AVAILABLE DATA:

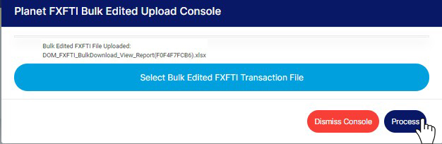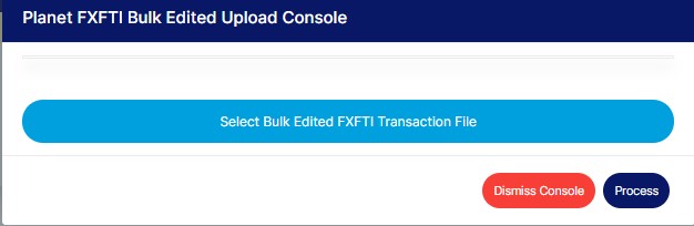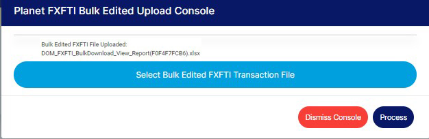 - This displays a ‘Planet FXFTI Bulk Edited Upload Console’ as in Fig31.3k below.
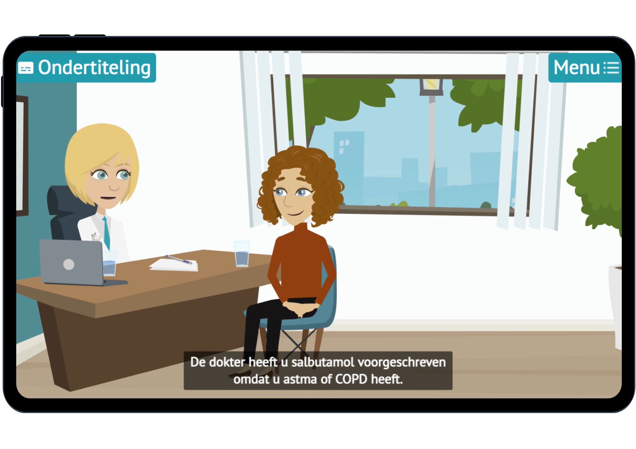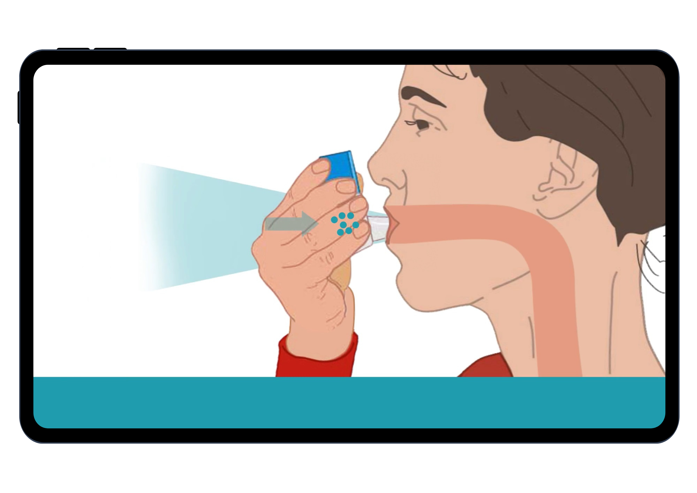 Een animatievideo die stap voor stap uitlegt hoe een bepaalde toedieningsvorm of toedieningssysteem (zoals een inhalator of insulinepen) moet worden gebruikt.
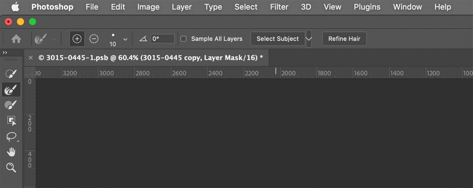 The fairly new Object Selection tool is ideal for making the initial selection. This tool is nested with the Magic Wand and the Quick Selection tools. The shortcut to cycle through these tools is Shift + W.

ABOUT THIS TASK: When you set down the material above, keep every word exact and include no pictures.

ANSWER FOR THE TASK:
 - This displays a ‘Planet FXFTI Bulk Edited Upload Console’ as in Fig31.3k below.
 Een animatievideo die stap voor stap uitlegt hoe een bepaalde toedieningsvorm of toedieningssysteem (zoals een inhalator of insulinepen) moet worden gebruikt.
 The fairly new Object Selection tool is ideal for making the initial selection. This tool is nested with the Magic Wand and the Quick Selection tools. The shortcut to cycle through these tools is Shift + W.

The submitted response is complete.